5.4.2 CMakeLists.txt Changes

# CMakeLists.txt (additions)

# ═══════════════════════════════════════════════════════════════════════════════
# TELEMETRY OPTIONS
# ═══════════════════════════════════════════════════════════════════════════════

option(XRPL_ENABLE_TELEMETRY
    "Enable OpenTelemetry distributed tracing support" OFF)

if(XRPL_ENABLE_TELEMETRY)
    find_package(OpenTelemetry REQUIRED)

    # Define compile-time flag
    add_compile_definitions(XRPL_ENABLE_TELEMETRY)

    message(STATUS "OpenTelemetry tracing: ENABLED")
else()
    message(STATUS "OpenTelemetry tracing: DISABLED")
endif()

# ═══════════════════════════════════════════════════════════════════════════════
# TELEMETRY LIBRARY
# ═══════════════════════════════════════════════════════════════════════════════

if(XRPL_ENABLE_TELEMETRY)
    add_library(xrpl_telemetry
        src/libxrpl/telemetry/Telemetry.cpp
        src/libxrpl/telemetry/TelemetryConfig.cpp
        src/libxrpl/telemetry/TraceContext.cpp
    )

    target_include_directories(xrpl_telemetry
        PUBLIC
            ${CMAKE_CURRENT_SOURCE_DIR}/include
    )

    target_link_libraries(xrpl_telemetry
        PUBLIC
            OpenTelemetry::api
            OpenTelemetry::sdk
            OpenTelemetry::otlp_grpc_exporter
        PRIVATE
            xrpl_basics
    )

    # Add to main library dependencies
    target_link_libraries(xrpld PRIVATE xrpl_telemetry)
else()
    # Create null implementation library
    add_library(xrpl_telemetry
        src/libxrpl/telemetry/NullTelemetry.cpp
    )
    target_include_directories(xrpl_telemetry
        PUBLIC ${CMAKE_CURRENT_SOURCE_DIR}/include
    )
endif()

5.5 OpenTelemetry Collector Configuration

OTLP = OpenTelemetry Protocol | APM = Application Performance Monitoring

Production hardening: The configurations in this section are starting points. For production deployments where xrpld ships telemetry across a network to a centrally-hosted collector, see Securing the OTel Pipeline for the required mTLS receiver config, NetworkPolicy, and peer trace-context validation.

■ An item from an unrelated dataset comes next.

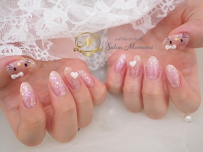 派手すぎず、大人でも楽しめるキティネイルに仕上がりました。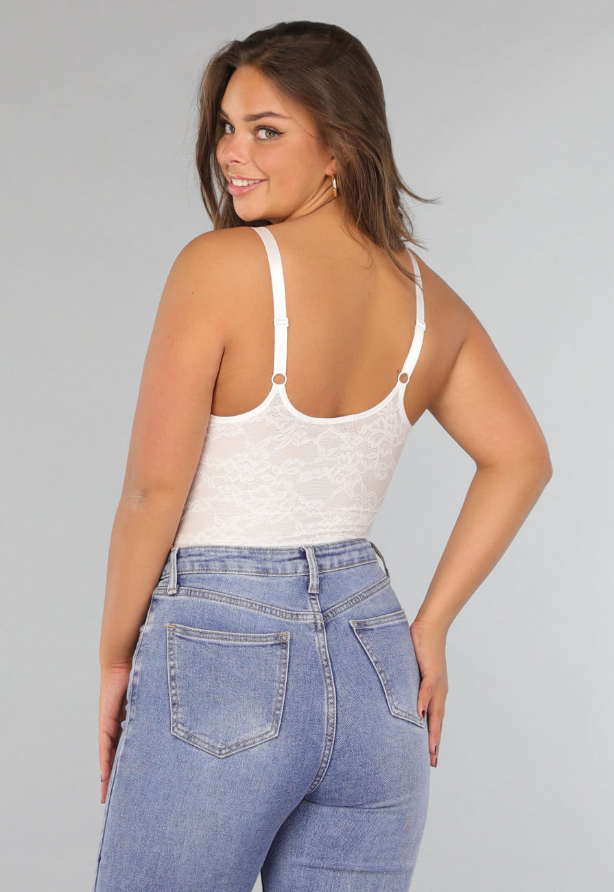 OP=OP.35.NL Witte Kanten Bodysuit met Compressie Größe S

5.5.1 Development Configuration

# otel-collector-dev.yaml
# Minimal configuration for local development

receivers:
  otlp:
    protocols:
      grpc:
        endpoint: 0.0.0.0:4317
      http:
        endpoint: 0.0.0.0:4318

processors:
  batch:
    timeout: 1s
    send_batch_size: 100

exporters:
  # Console output for debugging
  logging:
    verbosity: detailed
    sampling_initial: 5
    sampling_thereafter: 200

  # Tempo for trace storage
  otlp/tempo:
    endpoint: tempo:4317
    tls:
      insecure: true

service:
  pipelines:
    traces:
      receivers: [otlp]
      processors: [batch]
      exporters: [logging, otlp/tempo]

5.5.2 Production Configuration

# otel-collector-prod.yaml
# Production configuration with filtering, sampling, and multiple backends

receivers:
  otlp:
    protocols:
      grpc:
        endpoint: 0.0.0.0:4317
        tls:
          cert_file: /etc/otel/server.crt
          key_file: /etc/otel/server.key
          ca_file: /etc/otel/ca.crt

processors:
  # Memory limiter to prevent OOM
  memory_limiter:
    check_interval: 1s
    limit_mib: 1000
    spike_limit_mib: 200

  # Batch processing for efficiency
  batch:
    timeout: 5s
    send_batch_size: 512
    send_batch_max_size: 1024

  # Tail-based sampling (keep errors and slow traces)
  tail_sampling:
    decision_wait: 10s
    num_traces: 100000
    expected_new_traces_per_sec: 1000
    policies:
      # Always keep error traces
      - name: errors
        type: status_code
        status_code:
          status_codes: [ERROR]
      # Keep slow consensus rounds (>5s)
      - name: slow-consensus
        type: latency
        latency:
          threshold_ms: 5000
      # Keep slow RPC requests (>1s)
      - name: slow-rpc
        type: and
        and:
          and_sub_policy:
            - name: rpc-spans
              type: string_attribute
              string_attribute:
                key: command
                values: [".*"]
                enabled_regex_matching: true
            - name: latency
              type: latency
              latency:
                threshold_ms: 1000
      # Probabilistic sampling for the rest
      - name: probabilistic
        type: probabilistic
        probabilistic:
          sampling_percentage: 10

  # Attribute processing
  attributes:
    actions:
      # Hash sensitive data
      - key: xrpl.tx.account
        action: hash
      # Add deployment info
      - key: deployment.environment
        value: production
        action: upsert

exporters:
  # Grafana Tempo for long-term storage
  otlp/tempo:
    endpoint: tempo.monitoring:4317
    tls:
      insecure: false
      ca_file: /etc/otel/tempo-ca.crt

  # Elastic APM for correlation with logs
  otlp/elastic:
    endpoint: apm.elastic:8200
    headers:
      Authorization: "Bearer ${ELASTIC_APM_TOKEN}"

extensions:
  health_check:
    endpoint: 0.0.0.0:13133
  zpages:
    endpoint: 0.0.0.0:55679

service:
  extensions: [health_check, zpages]
  pipelines:
    traces:
      receivers: [otlp]
      processors: [memory_limiter, tail_sampling, attributes, batch]
      exporters: [otlp/tempo, otlp/elastic]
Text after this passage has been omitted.